Investigators at the University of Exeter Medical School have recently published data that combines sequence information with measures of gene regulation in schizophrenia patients and matched controls in order to better understand genetic variants and casual gene function in the disease pathogenesis. The findings from the study—An integrated genetic-epigenetic analysis of schizophrenia: evidence for co-localization of genetic associations and differential DNA methylation—were recently published in Genome Biology.
Schizophrenia is an inherited, neuropsychiatric disorder characterized by episodes of psychosis and altered brain function. Despite previous research that successfully identified genetic variants associated with schizophrenia, scientists remain uncertain about which genes cause the condition and how their function is regulated.
The current study obtained blood samples from nearly 2,000 individuals in order to clarify which specific genes are actually affected by the genetic variants associated with schizophrenia and potentially provide a blueprint for researchers to undertake similar analyses for other complex diseases.
“We performed a multi-stage epigenome-wide association study, quantifying genome-wide patterns of DNA methylation in a total of 1,714 individuals from three independent sample cohorts,” the authors wrote. “We have identified multiple differentially methylated positions and regions consistently associated with schizophrenia across the three cohorts—these effects are independent of important confounders such as smoking. We also show that epigenetic variation at multiple loci across the genome contributes to the polygenic nature of schizophrenia.”

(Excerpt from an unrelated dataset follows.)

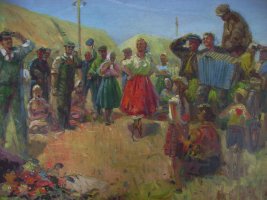 More about the artist: Olexander Savitj Yatsuk was born on the 22nd og February, 1920, in the village Demchiv, Berdichev region, Ukraine to a family of railway station workers. His childhood passed in a beautiful and picturesque surrounding that was to become the inspiration for his first paintings. Petro Omeljanovitch Dyak, teacher of art in the Berdichev art school, had a major influence on Olexander Yatsuk´s future life as an artist. After having finished the art school in 1938, he started to work as teacher of drawing and art in the village of Olshanka. Olexander Yatsuk was loved and respected by his students. In may 1940 Olexander Yatsuk was called up for military service in the Soviet Army. His service took place in the Caucasses region. Olexander Yatsuk´s wife, Klavdia Mihalovna, gave a birth to a son Vladimir in 1940. He could see his son first when the war was over in 1945. These long years of seperation from family had an influence on his art. He drew with pencil a many portraits portrates of his family: the wife, the child, mother, and father, and sent them from the front to his family in Vilshanka. After the war he was rewarded with medals and orders by the Soviet state for faithful service. In 1949 Olexander Yatsuk worked in the Culturel House of Vilshanka. Many of his postwar period paintings related to the Great Patriotic War. The birth of his daughter Olga in 1948, marked a new period of his creative work. From 1958 to 1980 he worked with other painters in the art union in the town of Zhitomir. Olexander Yatsuk took part in many local, regional and country exhibitions. He had lived and created his works in the time of socialist realism and confirmed himself as an artist with his own style and originality. The range of Olexander Yatsuk´s art is broad and multifold. He worked in historical, portrait, landscape and still-life genre. Olexander Yatsuk´s creative life was linked to Zhitomir region. He devoted his life and his energy to create the canvases which praised the beauty of his native land and people with whom he lived. Painting gave him a lot of pleasure and happiness. His life was filled optimism and love for people. Olexander Yatsuk passed away on 8th of October 1986. He left after himself a lot of wonderful heritage of art. Even though death took him away from us, he will always live in our hearts. His art will be carefuly kept and handed from generation to generation.

“This study highlights the power of integrating different types of genomic data to better understand how disease-associated DNA sequence variation actually influences the way in which genes function,” explained senior study author Jonathan Mill, Ph.D., professor of epigenetics at the University of Exeter Medical School. “Although our study focused on schizophrenia, we're now applying this approach to other types of complex disease.”
The team focused on both the underlying genetic sequence and DNA methylation—an epigenetic mark that regulates both gene expression and function. By profiling genetic and regulatory variation in the same samples, the group found that many of the genetic variants previously found to be associated with schizophrenia have potential effects on gene regulation.

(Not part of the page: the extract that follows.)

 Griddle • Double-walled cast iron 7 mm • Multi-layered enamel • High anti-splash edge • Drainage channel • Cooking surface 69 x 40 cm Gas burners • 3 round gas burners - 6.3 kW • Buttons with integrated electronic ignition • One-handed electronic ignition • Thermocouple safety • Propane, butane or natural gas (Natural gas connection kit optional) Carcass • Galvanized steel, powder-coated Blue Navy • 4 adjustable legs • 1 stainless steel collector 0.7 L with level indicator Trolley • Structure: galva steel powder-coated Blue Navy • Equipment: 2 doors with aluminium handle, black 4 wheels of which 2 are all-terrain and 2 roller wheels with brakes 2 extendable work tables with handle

Additionally, the research team identified epigenetic changes in 26 of 105 regions in the genome previously implicated in schizophrenia, prioritizing specific genes for further functional studies and as potential targets for novel treatments.
“It is clear that genetic studies need to look beyond simply sequencing DNA, and in this study we simultaneously profiled DNA methylation,” concluded lead study author Eilis Hannon, Ph.D., a bioinformatics research fellow in the Complex Disease Epigenetics Group at University of Exeter Medical School. “By aligning the results from these two molecular approaches, we have generated a list of genes directly affected by schizophrenia genetic risk factors.”